BEGIN
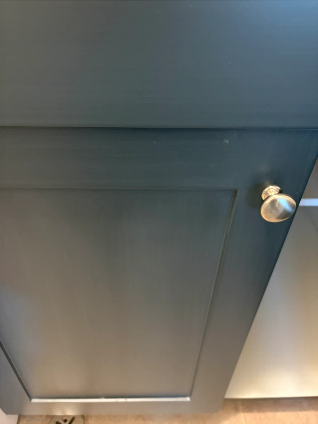 Dark Green Cabinet with White Countertop
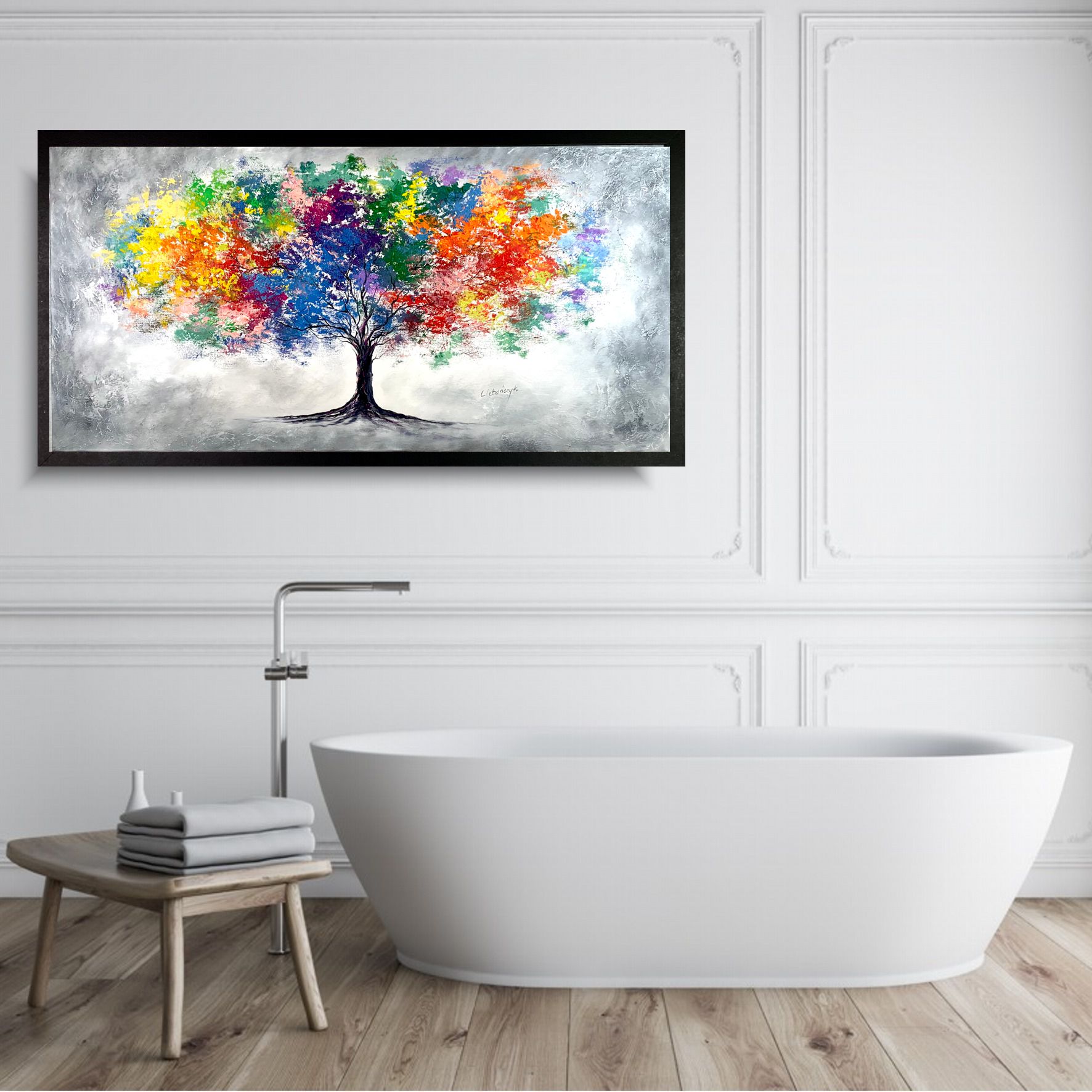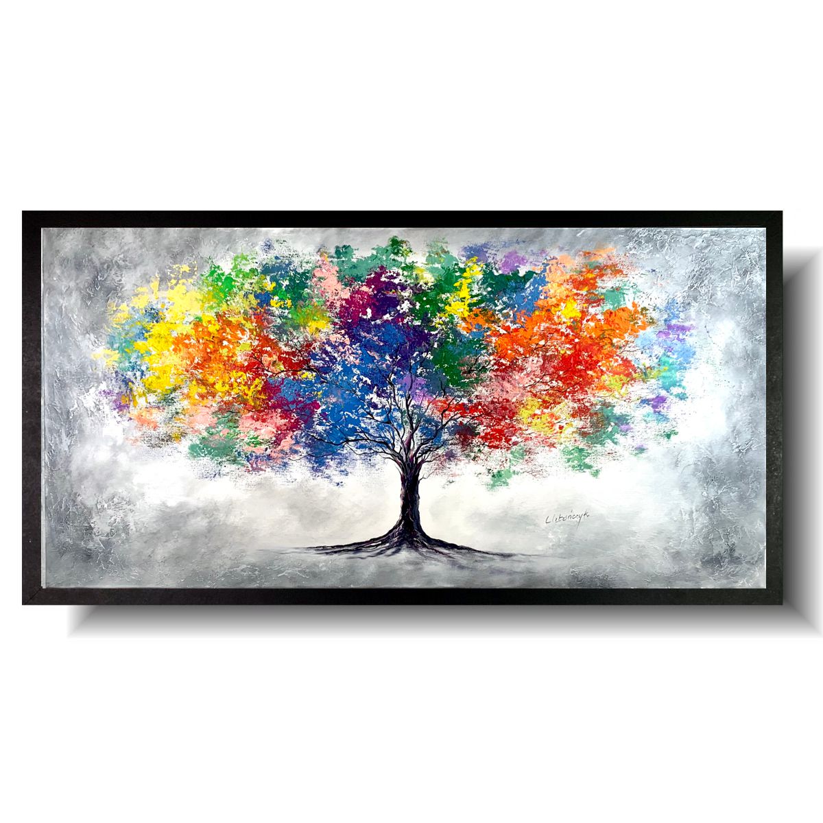Obraz ręcznie malowany 2216Z „Tęczowe drzewo” 120x60cm
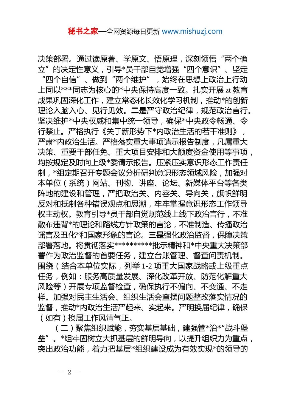 秘书之家—全网资源每日更新 www.mishuzj.com*组 2025 年全面从严治*工作总结暨 2026 年工作计划报告2025 年是中华人民共和国成立 76 周年,是实施“十四五”规划的攻坚之年,也是我单位(或系统)深化改革、加快发展的关键一年。一年来,在(上级*委名称)的坚强领导和有力指导下,我*组坚持以**************思想为指导,深入贯彻落实*的二十大及历次全会精神,全面落实*中央关于全面从严治*战略方针以及上级*委的系列决策部署,坚决扛起管*治*政治责任,将严的基调、严的措施、严的氛围长期坚持下去,推动全面从严治*向纵深发展、向基层延伸,为圆满完成年度各项任务目标、开创事业发展新局面提供了坚强有力的政治引领、思想保证和组织支撑。现将全年全面从严治*工作情况总结及 2026 年工作计划报告如下:一、2025 年度全面从严治*工作总结(一)聚焦“两个维护”,铸牢政治忠诚,把稳管*治*“方向盘”。*组深刻认识到,全面从严治*首先要从政治上看、从政治上抓。我们始终将*的政治建设摆在首位,教育引导全体*员干部不断提高政治判断力、政治领悟力、政治执行力,确保事业发展始终沿着正确政治方向前进。一是强化理论武装,夯实思想根基。坚持将学习贯彻**************思想作为首要政治任务和长期战略任务,构建并完善以*组理论学习中心组学习为龙头,以“三会一课”、主题*日、专题培训、在线学习等为支撑的多层次、立体化学习体系。全年组织召开*组理论学习中心组学习会 xx 次,其中专题研讨 xx 次,深入学习*的创新理论,特别是关于*的建设、全面从严治*、本领域本行业的重要论述和指示批示精神,及时跟进学习*中央最新重要会议精神和重大— 1 —秘书之家—全网资源每日更新 www.mishuzj.com决策部署。通过读原著、学原文、悟原理,深刻领悟“两个确立”的决定性意义,引导*员干部自觉增强“四个意识”、坚定“四个自信”、做到“两个维护”,始终在思想上政治上行动上同以***同志为核心的*中央保持高度一致。扎实开展 zt 教育成果巩固深化工作,建立常态化长效化学习机制,推动*的创新理论入脑入心、见行见效。二是严守政治纪律,规范政治言行。坚决维护*中央权威和集中统一领导,确保*中央政令畅通、令行禁止。严格执行《关于新形势下*内政治生活的若干准则》,严肃*内政治生活。严格落实重大事项请示报告制度,凡属重大决策、重要干部任免、重大项目安排和大额度资金使用等事项,均按规定及时向上级*委请示报告。压紧压实意识形态工作责任制,*组定期召开专题会议分析研判意识形态领域风险,加强对本单位(系统)网站、刊物、讲座、论坛、新媒体平台等各类阵地的建设和管理,严把政治关、内容关、导向关,旗帜鲜明反对和抵制各种错误观点和思潮,牢牢掌握意识形态工作领导权主动权。教育引导*员干部自觉规范线上线下政治言行,不准散布违背*的理论和路线方针政策的言论,不准制造、传播政治谣言及丑化*和国家形象的言论。三是强化政治监督,保障决策部署落地。将贯彻落实**********批示精神和*中央重大决策部署作为政治监督的首要任务,建立台账管理、督查问责机制。围绕(结合本单位实际,列举 1-2 项重大国家战略或上级重点任务,例如:服务高质量发展、深化改革开放、防范化解重大风险等)开展专项监督检查,确保执行不偏向、不变通、不走样。加强对民主生活会、组织生活会查摆问题整改落实情况的监督,推动*内政治生活严起来、实起来。严明换届纪律,确保(如有)换届工作风清气正。(二)聚焦组织赋能,夯实基层基础,建强管*治*“战斗堡垒”。*组牢固树立大抓基层的鲜明导向,以提升组织力为重点,突出政治功能,着力把基层*组织建设成为有效实现*的领导的— 2 —秘书之家—全网资源每日更新 www.mishuzj.com坚强战斗堡垒。一是健全组织体系,提升覆盖质量。优化基层*组织设置,确保*的组织和工作全覆盖、无盲区。结合机构改革、业务调整等情况,及时新建、调整、撤销*支部,选优配强*支部书记。深化*支部标准化规范化建设,对照相关标准要求,开展达标创优活动,推动后进支部整顿提升,中间支部晋位升级,先进支部示范引领。全年完成 x...
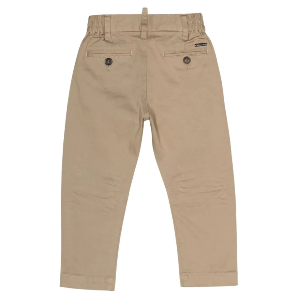 Dsquared2 broeken combineren een strak, draagbaar silhouet met praktische sluitingen en zakdetails voor dagelijks gebruik. Belangrijkste kenmerken: Beige | Zandkleurig | Katoen | Sluiting met knoop en verdekte ritssluiting aan de voorkant | Elastische tailleband | Riemlussen | Twee paspelzakken aan de voorkant | Twee achterzakken met split | Paspelzakdetails | Metalen logo applicatie | Samenstelling & verzorging: 98% Katoen | 2% Elastaan
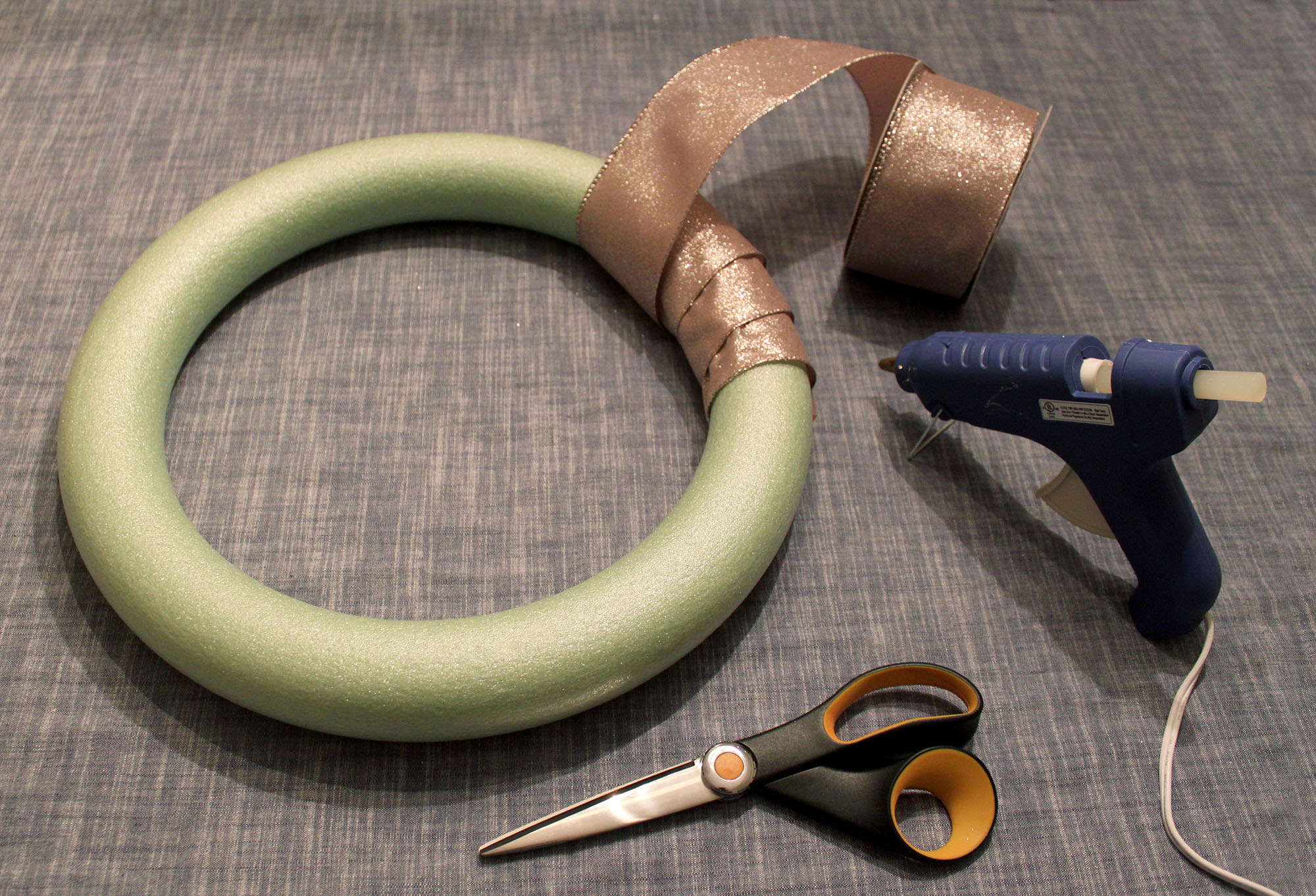 1. Begin by securing one end of your ribbon to the wreath with a small bit of hot glue. It’s best to apply the glue to the ribbon and then stick it to the form. Wrap your ribbon around the form, being sure to pull it tightly. Depending on how wide your ribbon is, you may need to overlap quite a bit like I did, but the wired edges were helpful for shaping it around the curves. When you’ve covered the entire form, cut the edge, fold under and glue in place. Set aside.
END
Make an exact copy of the records from their first line through the line containing "Obraz ręcznie malowany", both ends included, with the pictures omitted.

 Dark Green Cabinet with White Countertop
Obraz ręcznie malowany 2216Z „Tęczowe drzewo” 120x60cm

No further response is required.